Work order. Restate, exactly as written, the entries below from the line that holds "毕节市2025届高三年级高考第三次适应性考试 数学.pdf" through the line that holds "12月23日(火曜)、2学期". Pictures are not part of the copy.

Stored data entries:
=====

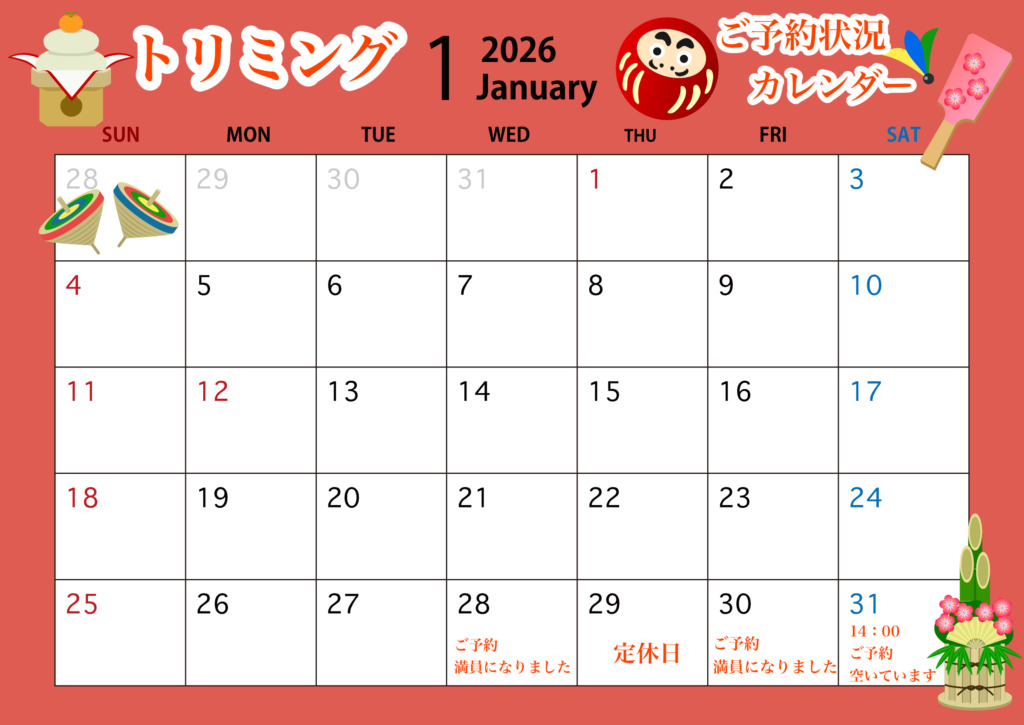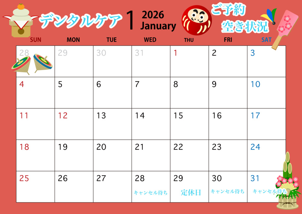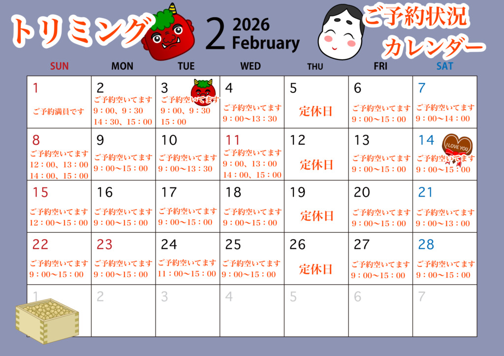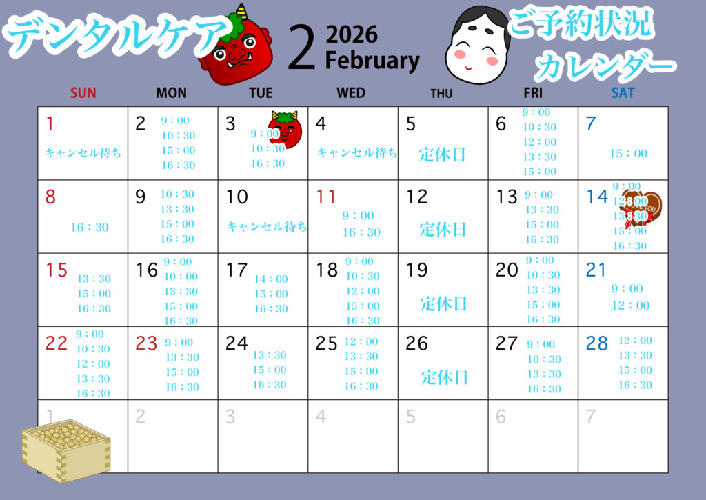 <2026年>1月、2月の予約空き状況
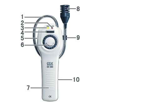 6.感应灵敏度调节 7.手持把柄 8.传感器和护罩 9.鹅颈管夹子 10.电池盖(背面)
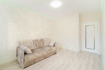 в жилых комнатах светлые, аккуратные обои, натяжные потолки, на полу — ламинат;
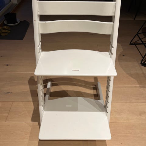 Hvit klassisk Stokke tripptrapp stol selges.
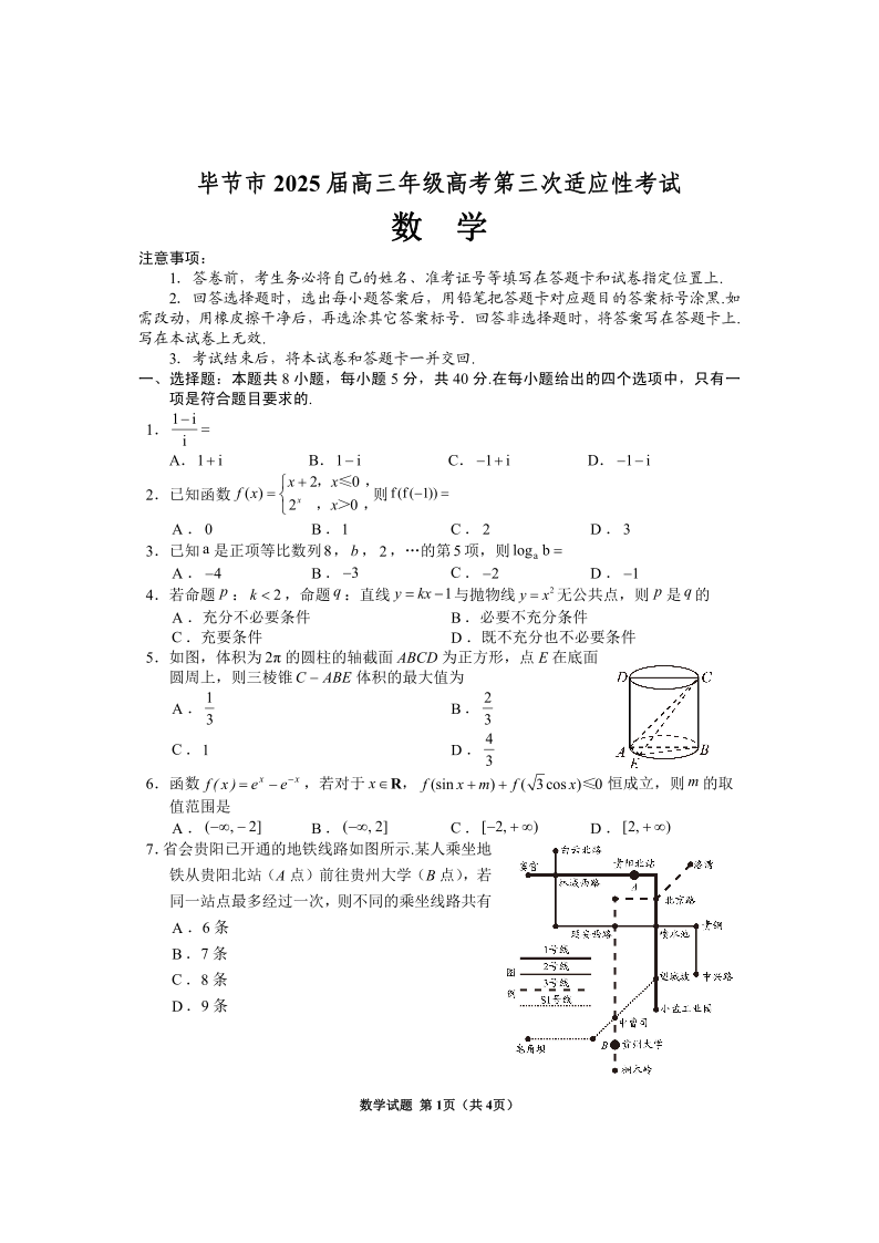 毕节市2025届高三年级高考第三次适应性考试 数学.pdf
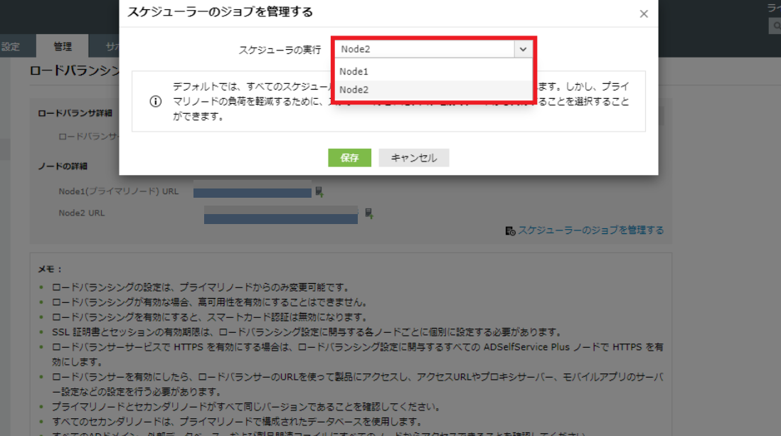 (※条件付きアクセスにより、アクセス制限していないかご確認ください。) - [セカンダリノード]にて、[ノードURL]フィールドに別サーバーにインストールされているADSelfService Plusの
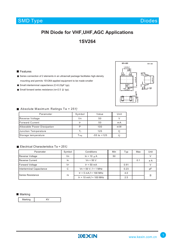 SMD Type Diodes PIN Diode for VHF,UHF,AGC Applications 1SV264.
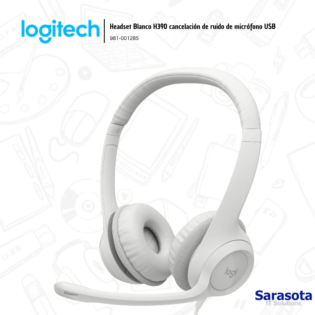Logitech Headset Blanco H390 cancelación de ruido
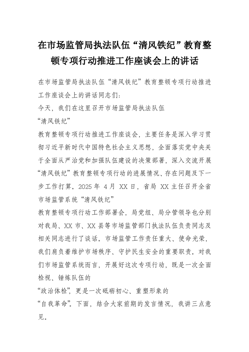 在市场监管局执法队伍“清风铁纪”教育整顿专项行动推进工作座谈会上的讲话
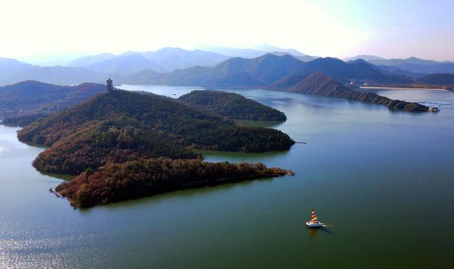 2021年10月23日拍摄的北京市平谷区金海湖景区内景(无人机照片)。新华社记者 任超 摄
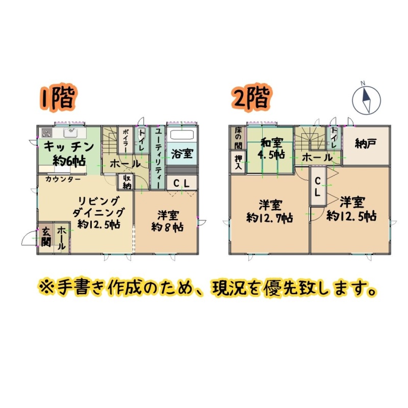 | 間取り | 4SLDK1階:K6帖 LD12.5帖 / 2階:和室4.5帖 洋室12.7帖 洋室12.5帖 / その他:洋室8帖 |
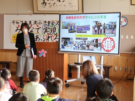 12月23日(火曜)、2学期79日間が終わりました。代表して、1年生と6年生が「2学期がんばったこと」の発表をしました。マラソン記録会や、学習発表会など、行事を通したがんばりや、各学年で取り組んだ活動の中でたくさんの成長が見られた2学期でした。話の聴き方が、とても立派な南っ子です。
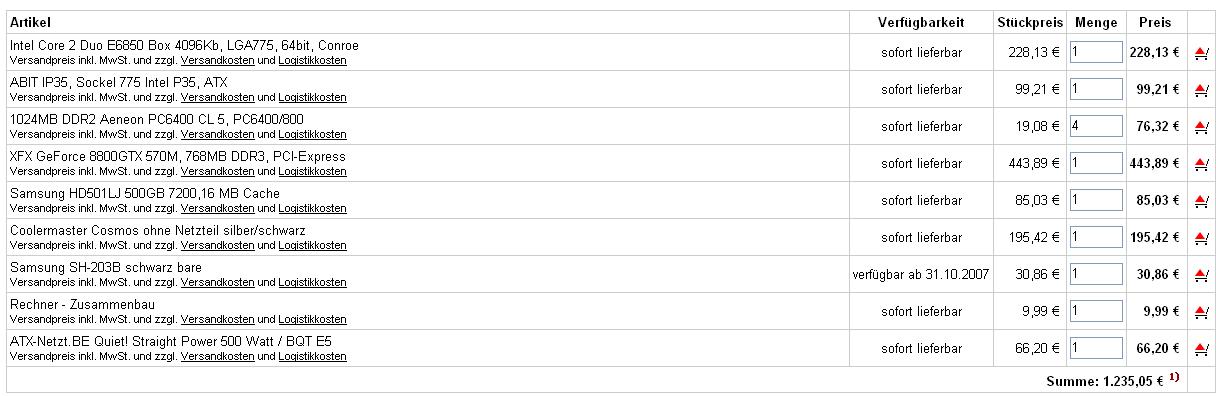Also, bei Alternate.de hab ich mir folgenden Rechner zusammengestellt. Ich möchte dazusagen, dass ich das System später der Geräuschentwicklung mit Wasserkühlung aufrüsten möchte und im Prinzip ein Laie bin, was irgendwelche Taktfrequenzen etc. angeht. Das als Vorwort.
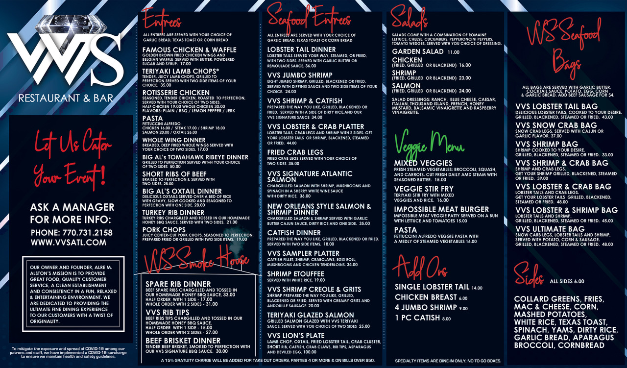 Grilled Salmon Glazed with VVS Teriyaki Sauce. Served with your choice of Two Sides.
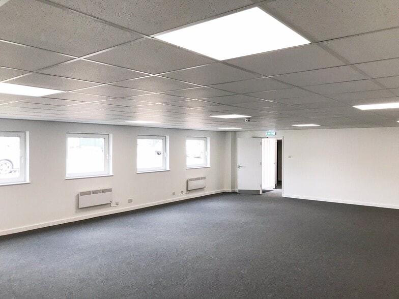 A mid terrace warehouse unit. The unit benefits from 6.4m eaves height, one loading door, three phase power, two storey offices and LED lighting throughout. The generous forecourt area provides parking for approx. 16 cars and is capable of being enclosed. The unit is available on a new lease. The Rateable Value is £71,500 (2023 Rating List)
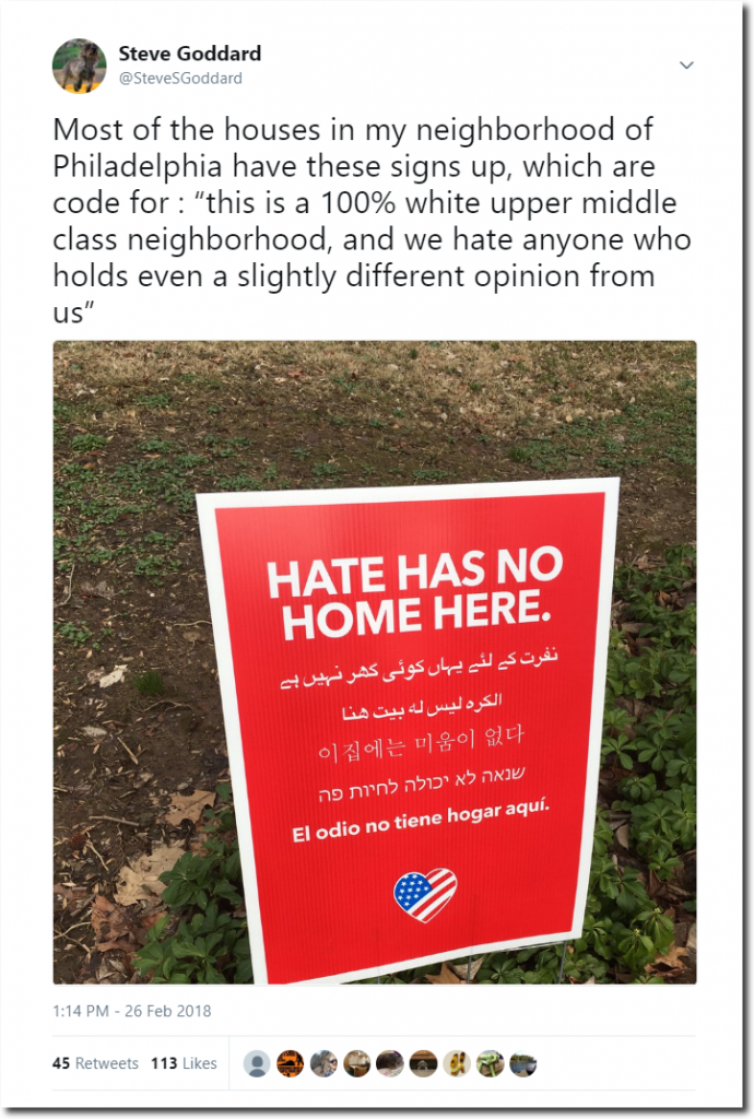 Q. What kind of people put a sign in front of their house with the word “HATE” in bold, capital letters?
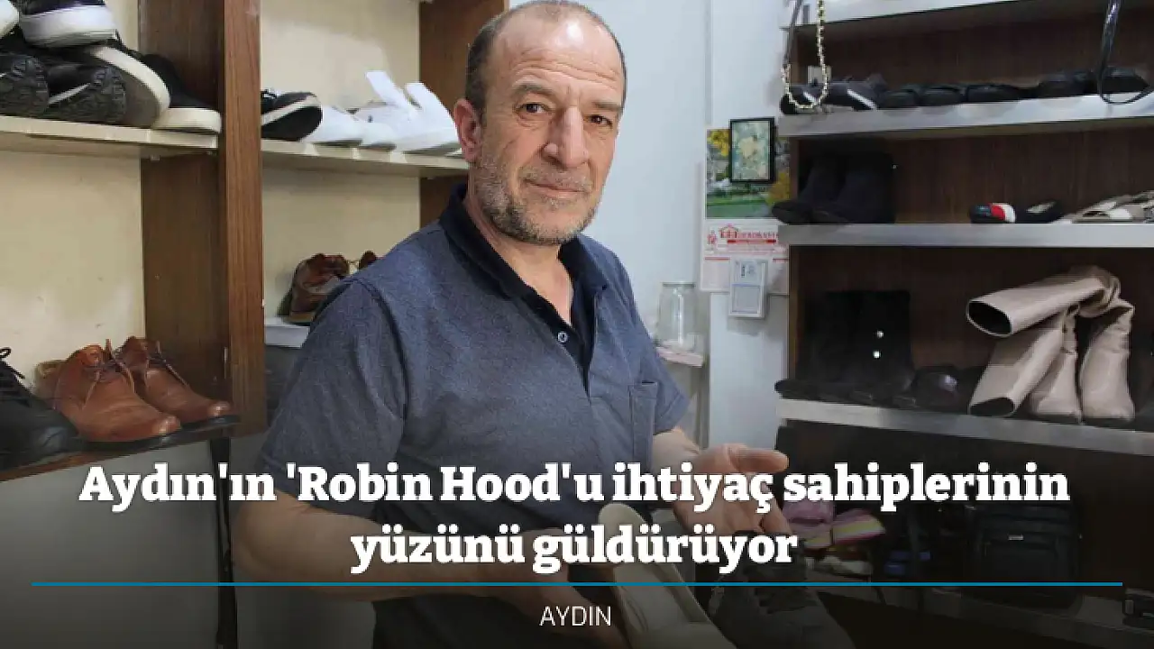 Aydın'da yaşayan ayakkabı tamir ustası Sezer Beytosun (49), kendisini dünyaca ünlü roman kahramanı Robin Hood'a benzeterek dükkanında unutulan ayakkabıları ihtiyaç sahiplerine dağıtıyor.
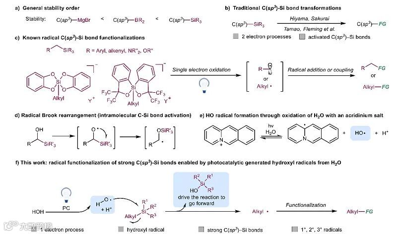 最近,武汉大学沈晓课题组受自由基Brook重排(烷氧自由基活化分子内C–Si键)(图1d)及吖啶盐被光激发氧化水产生羟基自由基(•OH)的启发(图1e),创新性地提出利用H2O在光催化条件下产生的•OH进攻未活化的C(sp3)–Si键,首次实现了该类强键的均裂驱动烷基化反应(图1f)。该转化的关键是通过吖啶盐光催化剂氧化H2O生成 •OH,进而直接进攻硅烷,释放出烷基自由基,随后与缺电子烯烃发生自由基加成,还原质子化,最终得到烷基化产物。这一工作发表在近期的Angew. Chem. Int. Ed.上。

=====

Result of this task.
 毕节市2025届高三年级高考第三次适应性考试 数学.pdf
 (※条件付きアクセスにより、アクセス制限していないかご確認ください。) - [セカンダリノード]にて、[ノードURL]フィールドに別サーバーにインストールされているADSelfService Plusの
 SMD Type Diodes PIN Diode for VHF,UHF,AGC Applications 1SV264.
Logitech Headset Blanco H390 cancelación de ruido
 在市场监管局执法队伍“清风铁纪”教育整顿专项行动推进工作座谈会上的讲话
 2021年10月23日拍摄的北京市平谷区金海湖景区内景(无人机照片)。新华社记者 任超 摄
 | 間取り | 4SLDK1階:K6帖 LD12.5帖 / 2階:和室4.5帖 洋室12.7帖 洋室12.5帖 / その他:洋室8帖 |
 12月23日(火曜)、2学期79日間が終わりました。代表して、1年生と6年生が「2学期がんばったこと」の発表をしました。マラソン記録会や、学習発表会など、行事を通したがんばりや、各学年で取り組んだ活動の中でたくさんの成長が見られた2学期でした。話の聴き方が、とても立派な南っ子です。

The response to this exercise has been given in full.